Люба едва смолчала, чтобы не уличить подругу во лжи.

— Так голову можно совсем потерять от работы. На тот свет собралася?! — сказала она, сдержавшись. — Гляди-ка, глаза покраснели, как будто заплаканы! — добавила Люба, в самом деле заметив на покрасневших веках подруги следы непросохших слез.

Луша с поспешностью отвернулась.

— И правда, болит голова, — сказала она. — Я с тобой отдохну от занятий немножко. Давай самовар подогрею.

— Да ну его, чай-то! — отмахнулась Люба.

Но Луша вышла из комнаты в кухню и что-то запела.

Оставшись одна, Люба увидела на столе, рядом с работой, Лушин платочек, весь мокрый от слез. На пепельнице среди стола лежал неубранный папиросный окурок.

«Значит, ссора была с кавалером!» — с усмешкой подумала Люба. Если была между ними ссора, то Луша за чаем разговорится и все расскажет сама. Любу радовало, что не придется выпытывать, дознаваться. Прямой, простодушный характер ей этого не позволял.

Она пошла в кухню.

— Что ты тут возишься со своим самоваром? Зову на каток — не идешь, заревана вся, раскисла. Ну давай, как старухи, чаи гонять! — сказала она, заметив, что Луша умылась: при свете керосиновой лампы на темных кудряшках, выбившихся из прически Луши, блестели капли воды.

— Говорю тебе — некогда. Завтра должна в типографию сдать работу, — возразила подруга. — Чаю попьем, поболтаем немножечко — и опять заниматься…

— Ты будто меня выживаешь из дому. Может, к себе кавалеров каких-нибудь ждешь? — спросила Люба с ехидцей.

— Ты что, Любка, спятила, что, ли? — возмутилась подруга.

— Ну ладно уж, ладно, не буду, — переводя все в шутку, сказала Люба. — Давай я накрою на стол.

Она сама, полезла в буфетик, распоряжаясь привычно, как дома, и вдруг, будто только заметив, взяла окурок из пепельницы.

— Ха-ха! Любка спятила?! А это не кавалер? — выкрикнула она. — Или, может, ты стала курить? Угости папиросочкой, барышня! — Люба деланно захохотала.

— Да ну тебя, дура! К матери кто-нибудь утром, должно быть, зашел, а я не заметила, не прибрала, — пояснила смущенная Луша, пытаясь убрать пепельницу.

Люба незаметно пощупала еще влажный кончик окурка, брезгливо отдернула руку. Злость на подругу вскипела в ней, и она не сдержалась.

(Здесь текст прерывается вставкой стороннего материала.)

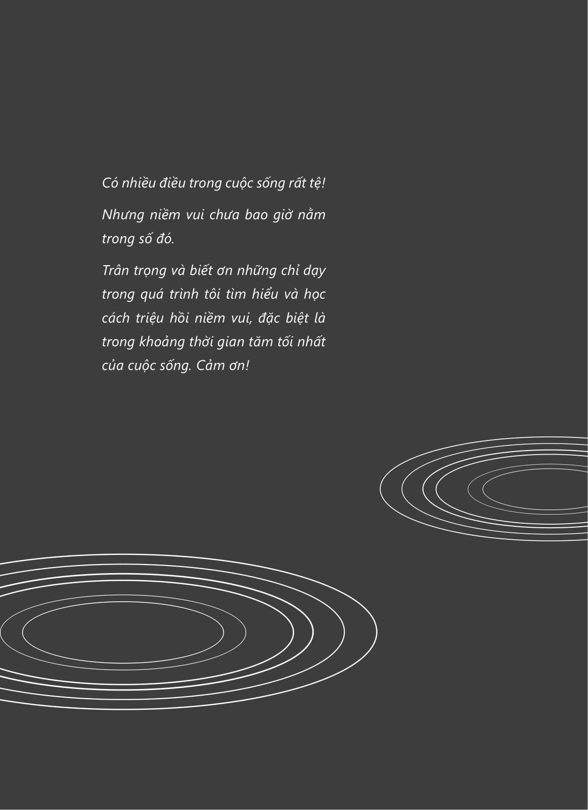 Cuốn sách này dành tặng cho những người theo đuổi sứ mệnh cuộc đời mình. Hi vọng bạn sẽ không chỉ sống một cuộc đời trọn vẹn mà còn tận hưởng hanh phúc trên suốt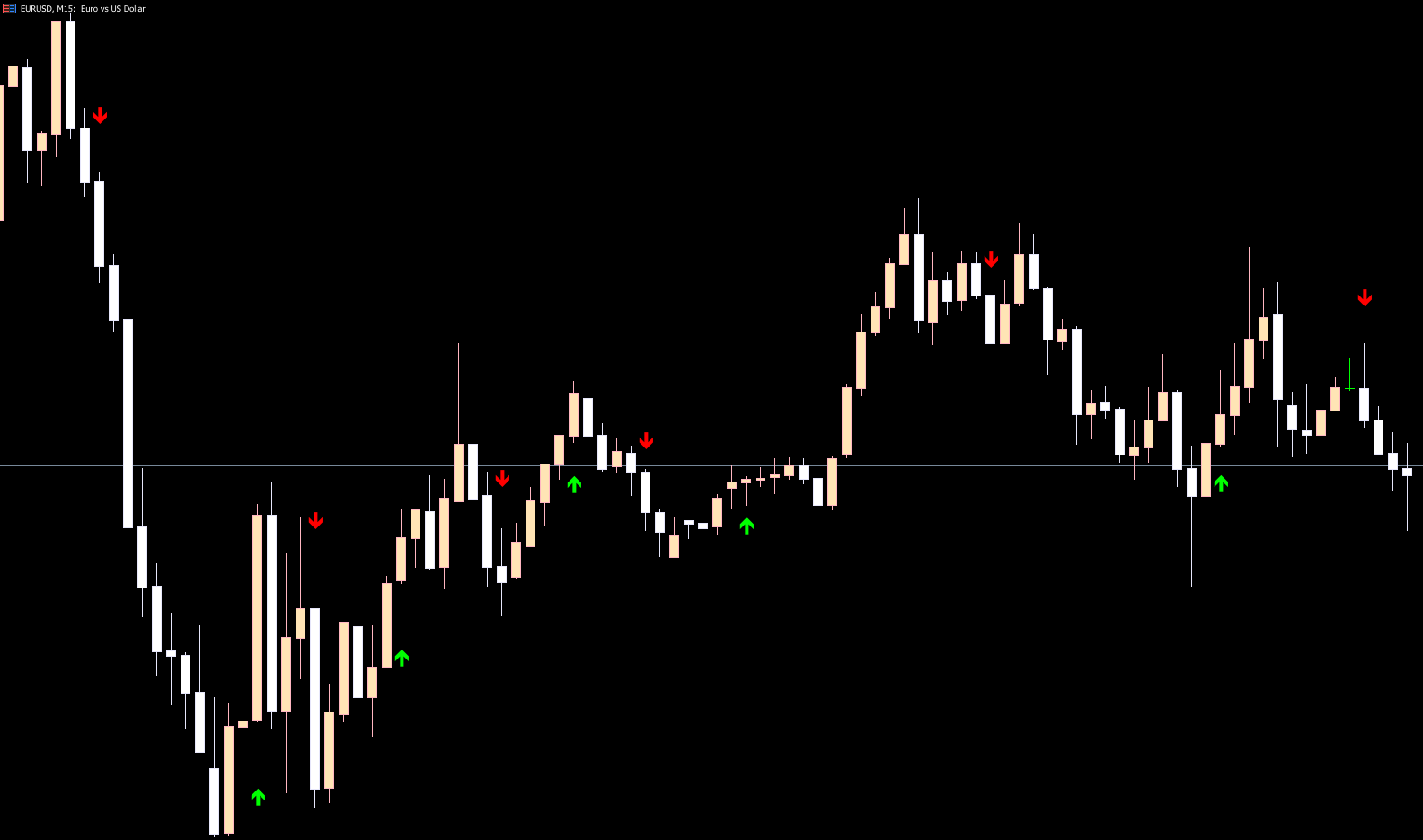 By using these visual signals, traders can determine entry and exit points efficiently. The indicator works across all timeframes, from 1-minute charts for scalpers to daily charts for long-term trend traders.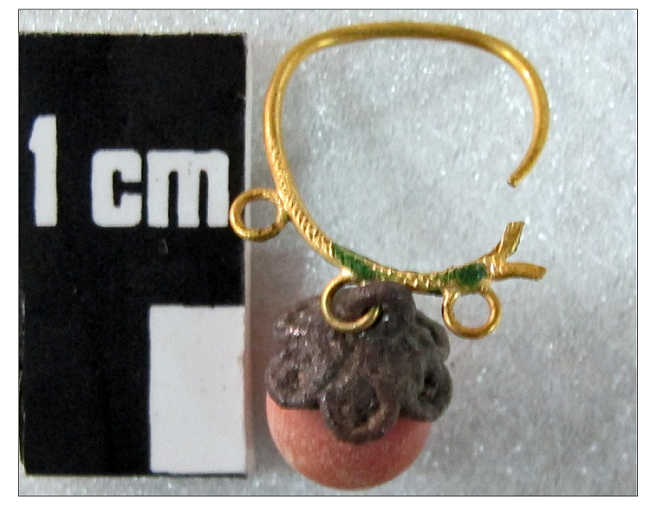 Embora a camada se tenha formado efetivamente nos últimos anos de ocupação do convento, ela correspondia a terras de remoção para a reutilização do espaço como ossário. Por isso, a peça em questão enquadra-se cronologicamente entre o século XVII e início do século XIX. Trata-se de um aro de ouro, com forma aberta e três argolas no lado exterior, apresentando, nessa zona, uma decoração de linhas incisas. De uma dessas argolas, pende um pingente composto por capucha polilobulada de metal prateado, com vestígios de sobredourado, aplicado sobre uma conta modelada globuloide de cor vermelha-opaca e totalmente lisa (Figura 6)27. É possível que os outros aros tivessem igualmente algum tipo de adorno, assemelhando-se muito ao perfil de um brinco de três lágrimas que esteve em voga durante todo o século XVIII (Figura 7). Nesse caso, a ausência de representações de monjas com este tipo de complemento sugere que a peça terá pertencido a uma secular, quem sabe a uma das ‘meninas’ protegidas por alguma monja ou por alguma benfeitora. Não se deve descartar ainda a possibilidade de não ser um brinco e ter pertencido à decoração de uma das coroas ou ramos que as monjas colocavam durante a cerimônia de profissão ou quando eram enterradas (Figuras 8 e 9).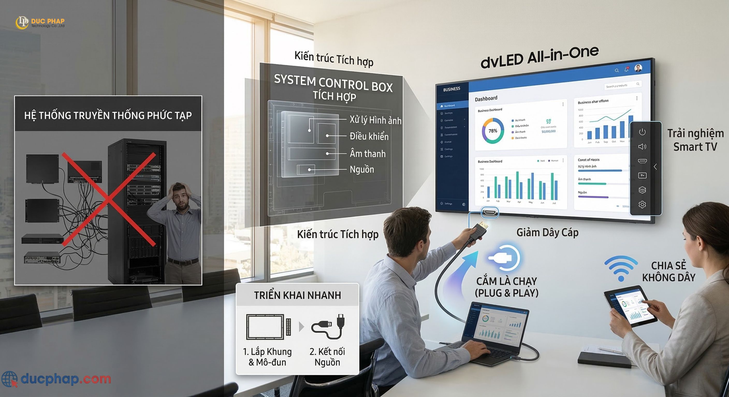 Sự ra đời của công nghệ dvLED All-in-One đã thực sự biến một cỗ máy công nghiệp rườm rà thành một thiết bị hiển thị thông minh, tiện dụng và mang tính thẩm mỹ cao. Vượt ra khỏi việc giải tỏa những không gian ngập tràn dây cáp lộn xộn, giải pháp này còn mở ra một kỷ nguyên hoàn toàn mới – nơi những tấm màn hình khổng lồ có thể tự do đồng hành cùng doanh nghiệp ở bất kỳ không gian nào.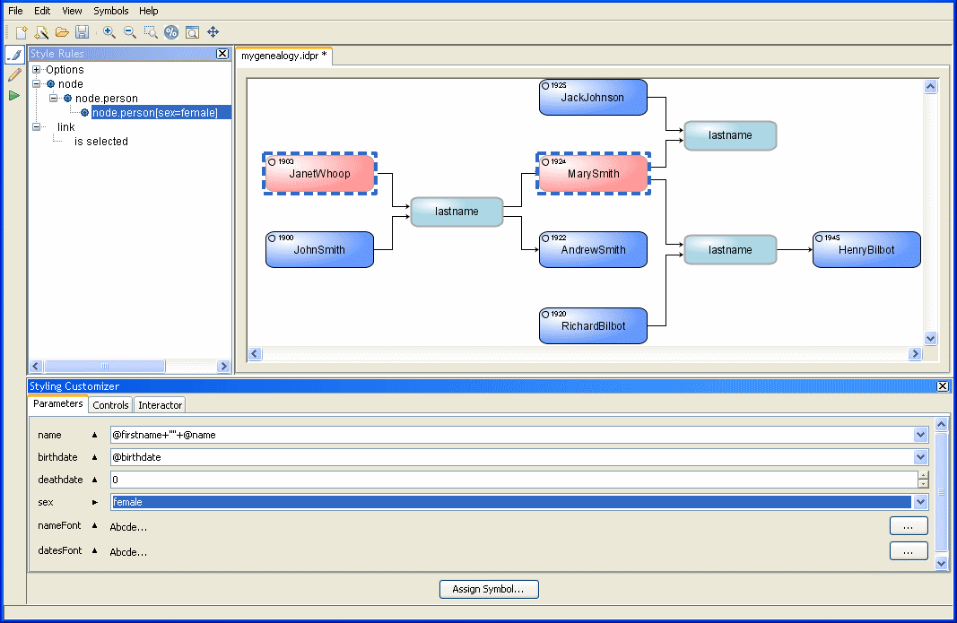 Setting properties in the Styling Customizer for person nodes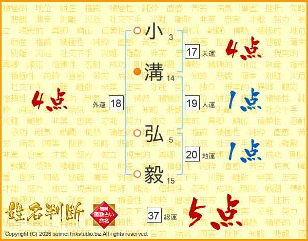 小溝弘毅さんの総運は37画の5点!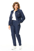 Комплект 2ка, состоящий из жилета и брюк. Жилет с отложным воротником и поясом. Перед жилета на запах с застёжкой на кнопки, на плечах декоративные паты. По бокам жилета выполнена имитация клапанов карманов. Брюки прямого силуэта на эластичной резинке по талии. По переду расположены карманы с наклонным входом.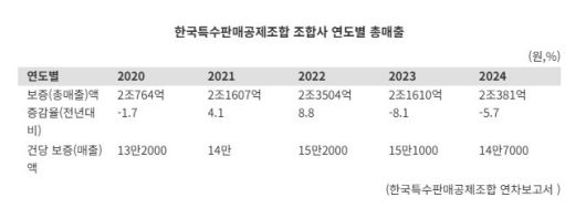 18일 한국특수판매공제조합 연차보고서에 따르면 지난 2024년 기준 특판조합 공제보증 총액은 2조381억원으로 전년 대비 5.7% 감소했다. 공제보증 총액은 조합 회원사들의 총매출액이다. 특판조합 회원사 총매출액은 2년 연속 감소세다. 지난 2022년 2조3504억원으로 정점을 찍은 후 2023년 2조1610억원, 2024년(2조381억원)으로 줄었다. 지난해도 이런 추세가 이어진 것으로 알려졌다.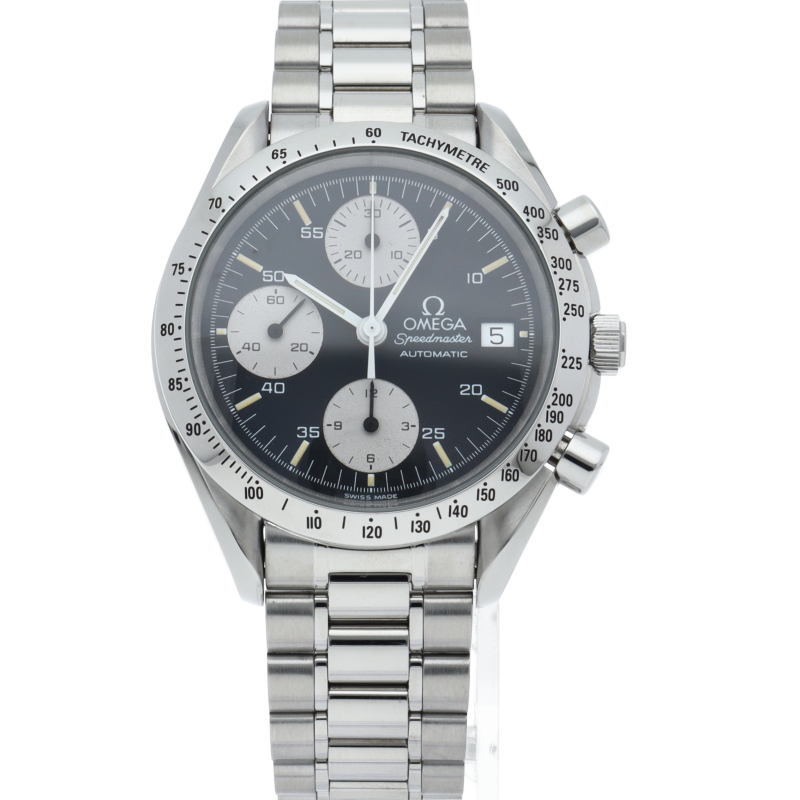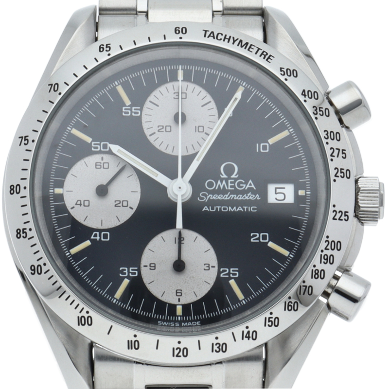 オメガの代表的な人気シリーズ「スピードマスター・デイト」。クロノグラフ・デイト表示機能付きと便利で実用性のある1本です。

— И брешешь ты, брешешь мне все! Должно быть, не зря таишься! Пристава, женишка своего, принимала без матери! Целовались тут с ним! — выпалила она. — Все понимаю, все, все про тебя понимаю!

— А что же тебе понимать? — неожиданно зло вскинулась Луша. — Что понимать?! Ну хоть пристав! Тебе-то какое дело! Не тебя ли мне спрашивать, с кем знакомство водить? А хотя бы женишок! Будет надо — на свадьбу тебя позову…

— Да я никогда не пойду на такую поганую свадьбу! — запальчиво крикнула Любка. — С полицией спуталась! В честный дом за собой навела фараонов! Другая бы от стыда погорела, а ты еще после с ним дома ведешь хороводы. Бесстыдница! Гимназистка еще! Да у нас ни одна из простых развесочниц с фараонами знаться не станет! Срамница! — не могла уже удержаться Люба. — Да как ты могла, продажная шкура, в наш дом указать им дорогу? Ведь тебя в нашем доме как дочку всегда принимали! А то не хочу, видишь, с приставом знаться! Не хочу приглашения его принимать! А сама раскраснелась, вспотела даже, как он с обыском заявился! Ждала!! Сидела бы с ним, не то бежала бы в гости к нему!.. Чего ты к нам в дом в Новый год приходила?! — яростно наступала Люба, забыв все наказы Никиты.

Сейчас она была оскорблена за себя, за обман, за неискренность Луши.

— А для того я и к вам пошла, чтобы пристав лучше любил! — со злою усмешкой, вызывающе откликнулась Луша. — Чтобы крепче любил, от него уходила, а по правде-то — жить без него не могу! Уж так он мне мил, так уж мил!..

Люба уставилась на подругу ошалело, непонимающе, ожидая услышать какую-то нотку иронии, которая Позволила бы принять за насмешку эти слова, но подруга глядела в глаза ей прямо и нагло, со злостью, почти что с ненавистью.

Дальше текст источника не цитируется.